One part of the answer is a quick investment in public access parking on NPS property. The County can help fund it. The County must help fund it, it won't get done otherwise. Make it as easy to get to the beach in Buxton as it is in Nags Head. and not just at the Lighthouse. Start scattering accesses from Salvo south. I am not an expert on access on Hatteras Island. Somebody let me know if I am missing something. If we can't drive on the beach then let us drive to the beach and park.
Beach access is one thing but access to the environmentally sensitive fishing hot spots requires a different strategy. Lets think about the interests of the various parties. The environmentalists want to protect birds from interference and they want to study the birds as well. The Park Service wants to comply with the law, meet the mission of recreation and conservation. They both want money to accomplish their goals. The visitors and businesses want to people to be able to get to the fishing grounds, people who are bringing with them the one thing everyone wants, MONEY. What this suggests is a system that transports people to the Point in a respobsible fashion, acceptable to both the E. groups and the NPS. The days of parking your Escalade in the surf and getting beer and bait from the built-in cooler are over but fishing on the Cape need not be.
When I moved to Nags Head 30 years ago, I met several people who got paid to drive fisherman up and down the beach and help them catch fish. They were called fishing guides. They knew the beach and they knew the fish. The advent of the SUV, the curtailing of beach driving (in 1977 you could still drive on the beach all year round) and the lack of fish have combined to reduce demand for guides. There are still a few around but the breed is dying.
In the post consent decree world, a fishing guide or at least a licensed NPS franchisee might be the vehicle that gets people to the fish. If we can't all be trusted with vehicles on the beach, then let the NPS tell us who is responsible and what they have to promise to be allowed to drive past nesting shore birds. There is no one right model. This could be a single 4 wheel drive or it could be a jitney service taking people to an established camp at the Point that has sanitary facilities, supplies and supervision. Needless to say the franchisees would PAY for the privilege but that money could be dedciated to species protection and habitat development. There might even be a way that the public could qualify for access, think duck blinds in Pea Island Refuge. Sound far fetched, it may be but this is how we need to be thinking, we don't need to be thinking that somehow "Doc"Brown is going to come along in his Delorian and transport us back to 1950. It is just not apt to happen.
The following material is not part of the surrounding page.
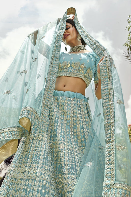 Turquoise and Blue Colour Organza Embroidery Bridal Lehenga Choli LC1080299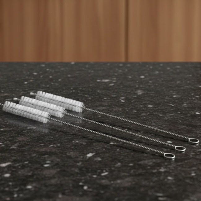 Kit com 3 escovas para limpeza de canudos reutilizáveis, ideal para garantir higiene completa no dia a dia. Possuem cabo em aço inox de 22,5 cm, resistente, durável e fácil de manusear, alcançando toda a parte interna do canudo com eficiência. As cerdas flexíveis removem resíduos com facilidade, mantendo seus canudos sempre limpos e prontos para uso. Indicado para canudos de inox, vidro, plástico ou silicone, é perfeito para uso doméstico, restaurantes, bares e cafeterias. Prático, sustentável e indispensável para quem preza por limpeza e cuidado nos detalhes.

We need a new model for access and we need to figure it out pretty fast. We have a chance to use Negotiated Rulemaking to implement a new economic model but only if we figure it out first.
Spend the rest of the night complaining about the disaster that this season may become, it is very real and very important. When you wake up tomorrow start thinking about how we can adapt to our new limits. People still want to go to the beach, they still want to catch fish. We have beach and we have fish. How can we get them together, how can we comply with the new limits and how can we make enough money to live while we do it.
That is the problem. We will either find our own answer or have one imposed on us. The choice is up to us. Derb Carter won ... the first round, we all can win ... if we want to.
Note: I wrote this whole article without pointing out that despite the lack of public access on Hatteras Island they still have more than the Town That Won't Let Me Go to the Beach; .....almost.